The Domestic Minimum Energy Efficiency Standard (MEES) now
states that all private rented properties must achieve a minimum Energy
Performance Certificate (EPC) grade of E, or higher. This means that landlords
who are currently renting out a property with an EPC rating of F or lower may
face a penalty charge of up £4000.
The legislation gives landlords until 1 April 2020 to either
improve the standard of any property they are currently renting out to a rating
of E or above – including existing tenancies – or to register
for an exemption, if applicable.
For landlords who are unsure how
they can improve their EPC rating, the looming deadline may seem daunting. Here,
we explain the details on the MEES compliance deadline and provide some tips to
help landlords check and improve their property’s EPC rating.
Hamilton Fraser’s guide, ‘New
energy performance certificate: Keeping your property green’, provides
further information about Energy Performance Certificates and how to find your
EPC.
What are the enforcements
and penalties?
The MEES Regulations are enforced by local authorities, who
have been granted a range of powers to ensure compliance. If a local authority
has reason to believe that a landlord has failed to fulfil their obligation to
comply with the MEES legislation by 1 April 2020, they can serve the landlord
with a compliance notice. If there is a confirmed breach of compliance, the
landlord could receive a financial penalty.
A compliance notice may request information about:
- The EPC that was valid during the time the
property was let - The tenancy agreement used for letting the
property - Information about energy efficiency improvements
made to the property - Any ‘Energy Advice Report’ that was carried out
on the property - Other relevant documents
If a local authority confirms that a landlord’s property is
in breach of the regulations, they can be served with a financial penalty up to
18 months after the breach. Local authorities have discretion in deciding the
level of the penalty, up to the maximum allowed by the regulations.

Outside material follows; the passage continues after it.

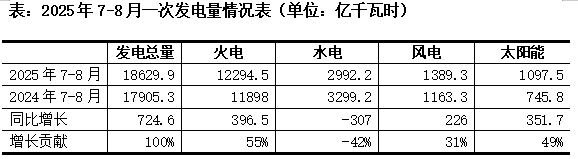 ★新能源替代效應(yīng)大為增強(qiáng)七、八月份,與火電裝機(jī)容量基本相當(dāng)?shù)男履茉闯隽φ?dāng)時(shí),風(fēng)電、太陽(yáng)能發(fā)電等新能源裝機(jī)的新增發(fā)電量不僅彌補(bǔ)了水電下降帶來(lái)的供應(yīng)缺口,還在很大程度上滿足了全社會(huì)用電量增長(zhǎng)的需求(同比增長(zhǎng)3.7%)。這從國(guó)家統(tǒng)計(jì)局發(fā)布的一次發(fā)電量情況表中可以清楚的看出來(lái)。
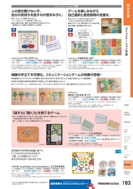 特別支援コミュニケーション学習単位1セット保健室保健室洗面所・面所・洗濯用品濯用品清掃用品清掃用品トイレイ用品品ティッシュシュペーパー・パー・タオルタオル飲料・飲料・食品品キッチンキッチン用品品特別支援事務用品・事務用品・その他その他コミュニケーション学習人の話を聴けない子、自分の気持ちを話すのが苦手な子に。●めくったカードの質問に答えるだけ。ルールはひとつ、人の話を黙って聴くこと』。●自立活動の定番。通級、特別支援学校(学級)はもちろん、通常級のクラス運営や学級開きにも効果的。ゲームを楽しみながら自己選択と意思表明の支援を。●めくったカードに描かれた絵のどちらが好きか、なぜ好きなのかを答えます。●選びやすい二択、意思表明しやすい身近な絵。●自己理解、他者理解が深まります。2〜6人6歳以上2人〜3歳以上カードに描かれた絵からどちらが好きかを答えるだけ。使用例[tobiraco]トーキングゲーム[tobiraco]すきなのどっち?商品種別型式/16004お申込番号M価税抜8-617-5390¥2,600税抜価格¥2,600税込価格¥2,860単位1セット商品種別型式/18018お申込番号8-617-5421¥2,600M価税抜税抜価格税込価格¥2,600¥2,860●寸法/外箱:92(幅)×105(奥)×17(高)mm、カード:80(横)×50(縦)mm●包装数:1〈セット内容〉質問カード64枚、ブランクカード10枚、パスカード12枚、説明書〈元筑波大学附属大塚特別支援学校支援部長安部博志先生ご考案〉●寸法/外箱:121幅)×88奥)×25高)mm、カード:108(横)×86(縦)mm●包装数:1〈セット内容〉カード47枚、解説書〈筑波大学附属大塚特別支援学校教諭佐藤義竹先生ご考案〉傾聴の手立てを可視化。コミュニケーションゲームの効果が倍増!●両面異なるイラストとコトバが8種類。相手の見方を考えて提示することで、他者の視点に立つ=他者理解に。●筑波大学附属大塚特別支援学校で効果を上げた教材を製品化しました。●『トーキングゲーム』、すきなのどっち?』、やってみたいのはどっち?』と一緒に使用することもオススメです。[tobiraco]きもち・つたえる・ボード商品種別型式/19020お申込番号M価税抜8-617-5499¥2,300収納時税抜価格¥2,300税込価格¥2,530単位1セット●寸法/ボード:230(縦)×130(横)mm、収納ケース:245縦)×150横)×9高)mm●材質/紙●包装数:1〈セット内容〉ボード4枚(イラストとコトバは8種類)、収納ケース(解説書付)1個〈筑波大学附属大塚特別支援学校教諭佐藤義竹先生ご考案〉「話す力」「聴く力」を育てるゲーム。●カードの質問に答える“話し手”と答えを聴く“聴き手”が順番に回ってくることで、参加者全員の「話す力」聴く力」が育ちます。●ゲームを通して、お互いの理解を深めることができます。[クリエーションアカデミー]こころかるた商品種別お申込番号M価税抜税抜価格税込価格単位全年齢向け(中学生〜大人)8-617-5383子ども向け(小学生)8-617-5385¥2,500¥2,375¥2,6121セット全年齢向け●寸法/124(幅)×93(奥)×20(高)mm●包装数:1〈セット内容〉質問カード90枚、まごころカード18枚、説明書幼児期から科学的な知識に基づく「こころ」や「からだ」の大切さや、人権、人との関わりについてあそびながら学べるかるたです。対象年齢5歳以上[合同出版]はじめてまなぶこころ・からだ・性のだいじここからかるた商品種別型式/5504お申込番号8-618-1584M価税抜¥3,800税抜価格¥3,800税込価格¥4,180単位1セット●寸法/パッケージ:117幅)×117奥)×75高)mm、カード:90×90mm、からだガイド:420×297mm●材質/紙●包装数:1〈セット内容〉読み札、取り札各46枚、予備札2枚、あそびかたガイド1枚、からだガイド1枚※カタログに掲載の商品情報(仕様・価格・税率など)は変更になる場合がございます。最新情報はUCHIDASww.uchidas.netwへ!2026183

The financial penalties for breaches of regulations are:
- Up to £2,000 for renting out a non-compliant
property for less than 3 months - Up to £4,000 for renting out a non-compliant
property for 3 months or more - Up to £1,000 for providing false or misleading
information on the PRS Exemptions Register - Up to £2,000 for failure to comply with a
compliance notice
The maximum amount that a landlord can be fined is £5,000
per property. More information about enforcements and penalties can be found here.
What are the
exemptions?
Landlords may be exempt from the MEES regulations under
certain circumstances. These exemptions are based on circumstances where either
the improvements costs are too high; it would be unreasonable to expect a landlord
to prepare their property by the specified deadline; the landlord has made
reasonable efforts to make all the necessary changes and the property still does
not achieve the minimum rating; or if the modifications required for the
improvements would be considered detrimental to the property.
Listed exemptions for the MEES regulations are:
- ‘High cost’ Exemption – where the cheapest
recommended improvement would exceed a cost of £3,500 - ‘Seven year payback’ Exemption – where a
recommended measure would fail to make savings on energy costs over a period of
seven years - ‘All Improvements Made’ Exemption – where all
necessary improvements have been made and the property remains sub-standard - ‘Wall Insulation’ Exemption – where wall
insulation improvements are unsuitable for a property - ‘Consent’ Exemption – where third party consent
is required for improvements - ‘Devaluation’ Exemption – where improvements
would cause property devaluation - ‘New Landlord’ Exemption – temporary exemption
due to recently becoming a landlord
More information about the MEES regulation exemptions can be
found here.
How can you check and
improve your EPC rating?
If you can’t find your EPC document or you’re unsure whether
your property has one, you can check the online register of issued EPCs for England and Wales, Scotland and Northern Ireland.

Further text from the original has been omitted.